Directions
Pictures in the listing below are skipped, while the lines from the "Be the first" line through the "VTOMAN V6 PRO" line are returned word for word.

Data in this exercise
::::::
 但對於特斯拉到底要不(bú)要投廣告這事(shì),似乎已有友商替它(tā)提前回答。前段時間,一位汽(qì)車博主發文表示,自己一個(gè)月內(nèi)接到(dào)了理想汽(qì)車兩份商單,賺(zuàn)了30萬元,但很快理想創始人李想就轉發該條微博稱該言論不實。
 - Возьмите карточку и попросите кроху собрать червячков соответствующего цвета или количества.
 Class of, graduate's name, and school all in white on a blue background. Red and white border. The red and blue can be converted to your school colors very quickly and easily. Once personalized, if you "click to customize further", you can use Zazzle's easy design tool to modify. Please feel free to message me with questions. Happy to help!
::::::
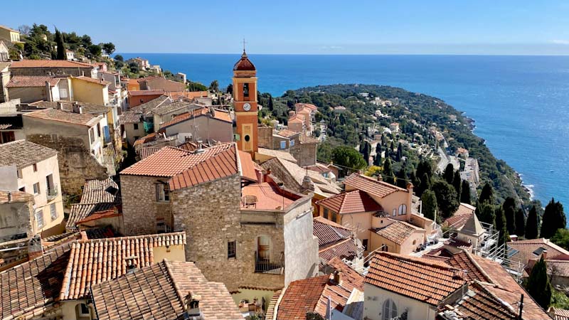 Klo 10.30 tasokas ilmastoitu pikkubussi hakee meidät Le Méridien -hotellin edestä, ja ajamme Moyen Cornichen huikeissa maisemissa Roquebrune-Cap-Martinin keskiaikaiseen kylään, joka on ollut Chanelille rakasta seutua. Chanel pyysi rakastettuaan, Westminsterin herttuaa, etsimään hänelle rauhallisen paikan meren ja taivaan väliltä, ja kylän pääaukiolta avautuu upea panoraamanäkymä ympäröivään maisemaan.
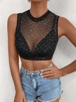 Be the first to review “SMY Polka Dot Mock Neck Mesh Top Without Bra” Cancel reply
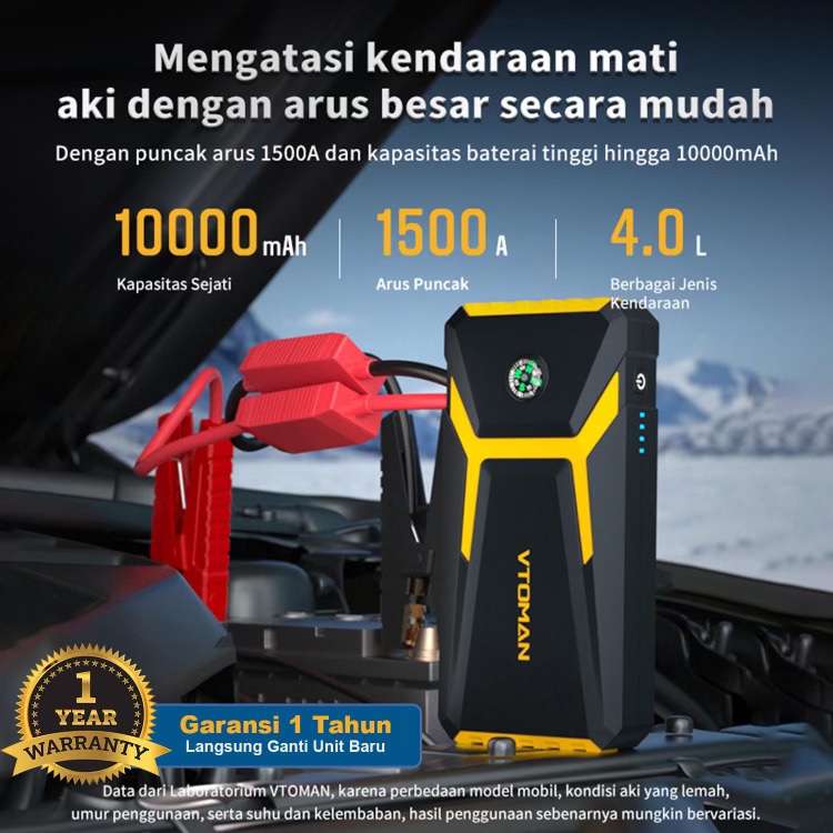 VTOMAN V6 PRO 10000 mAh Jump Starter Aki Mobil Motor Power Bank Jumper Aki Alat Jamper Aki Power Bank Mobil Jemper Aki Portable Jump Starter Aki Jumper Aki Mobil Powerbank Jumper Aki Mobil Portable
::::::
Solution below
 Be the first to review “SMY Polka Dot Mock Neck Mesh Top Without Bra” Cancel reply
 VTOMAN V6 PRO 10000 mAh Jump Starter Aki Mobil Motor Power Bank Jumper Aki Alat Jamper Aki Power Bank Mobil Jemper Aki Portable Jump Starter Aki Jumper Aki Mobil Powerbank Jumper Aki Mobil Portable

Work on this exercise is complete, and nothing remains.